Le crime perpétré à l’encontre de Farhat Hached intervient dans un contexte politique où le leader syndicaliste est sans conteste le maître de la situation, multipliant les contacts internationaux en vue d’obtenir l’examen par l’ONU de la question tunisienne et menant à l’intérieur la résistance nationale à un moment où les autres personnalités étaient soit exilées, soit internées ou emprisonnées. Son assassinat, annoncé dans un tract de la Main Rouge, ne pouvait que débarrasser la France du “ plus redoutable des adversaires du moment ” (selon Hauteclocque, in J.A . n°2187) afin de permettre à l’autorité coloniale, entre autres choses, d’imposer son programme de réformes à Lamine Bey auprès de qui le leader syndicaliste bénéficiait d’une place privilégiée et dont il était “ le conseiller le plus écouté ”. Sur Farhat Hached, écrit Juliette Bessis, “ le seul des grands leaders à avoir été laissé en liberté ”, “ reposent la direction de la lutte, la coordination entre les actions extérieures pour soutenir cette étape cruciale du combat ”.

Selon Simone Lacouture dans son ouvrage “ Les syndicats en Afrique du Nord ”, cité par Abdesselem Ben Hamida dans sa thèse sus-mentionnée: “ En cette année 1952, il (Hached) représentait à la fois la tendance extrême et le véritable carrefour par lequel passaient tous les courants et toutes les tactiques du nationalisme tunisien… Il irritait enfin les “prépondérants” français par sa popularité et son “intouchabilité”.

Ces propos sont confirmés par le Résident Général, Jean de Hauteclocque, dans ses Mémoires inédits (déjà cités) : “ A cette époque, écrit-il, Farhat Hached, (…), était certainement le plus redoutable de nos adversaires du moment (…). Il était considéré par les Français comme un homme dangereux ” ou encore : “ Le leader syndicaliste prenait de plus en plus d’influence, s’agitait de plus en plus, devenait de plus en plus audacieux, confiant sans doute dans les nouvelles qu’il recevait sans doute de New-York… ”. Mais, pour décrire davantage le contexte historique de l’assassinat, on pourrait, pour rendre un grand hommage à la mémoire du défunt, se référer à son propre compte-rendu des évènements qui ont précédé son assassinat. Lequel compte rendu rendu a été consigné dans sa lettre du 21 octobre 1952 au“ Camarade Oldenbroek, S.G. de la CISL ”, alors qu’il était empêché de quitter le pays pour assister aux travaux du Comité exécutif de la CISL qui devait se tenir à New-York du 1er au 5 décembre 1952.
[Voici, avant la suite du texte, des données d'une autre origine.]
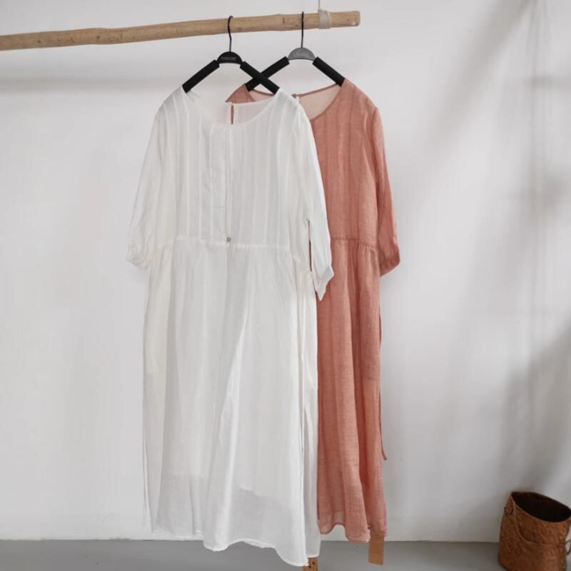 ワンピース レディース 春夏 麻 リネン 無地 ラウンドネック 丸首 七分袖 フレアスカート Aライン ロング丈 マキシ丈 カジュアル リゾート ビーチ 普段使い 体型カバー ゆったり

Cette lettre a été publiée dans le cadre d’une très riche communication présentée par la fille du défunt, Jamila Hached Châari, au Ier Congrès international organisé à Tunis par la Fondation Temimi avec l’Ugtt du 22 au 24 novembre 2000 : “ Farhat Hached : mouvement ouvrier et lutte nationale ”. Hached évoque “ la répression féroce contre le peuple et les travailleurs ” en janvier-février 1952, “ les milliers d’arrestations ”, “ les centaines de morts et de blessés ”, “ les camps de concentration ”, “ les prisons et les condamnations à mort par les tribunaux militaires ”, “ les libertés syndicales étouffées et les assauts répétés contre le mouvement syndical libre ”, “ la répression qui n’épargne ni les femmes, ni les enfants ”, ni encore la population estudiantine, et “ les ratissages généralisés ” ; et en mars 1952 “ l’état de siège renforcé ”, “ la censure de la presse et des communications ”, “ la déposition du ministère tunisien par les forces armées ” et l’internement de ses membres, et “ la pression intolérable ” qu’exerce le Résident général sur le Bey. Ajoutons à cela les 50 attentats organisés à l’encontre des Tunisiens par la Main Rouge, durant les mois qui ont précédé l’assassinat du leader syndicaliste, entre le 3 mars et le 5 décembre 1952.

L’assassinat de Hached signera l’arrêt de mort de la colonisation et provoqua l’indignation de l’opinion internationale et aussi des émeutes dans plusieurs pays colonisés et annonça le ras-le-bol de ces derniers face à la colonisation.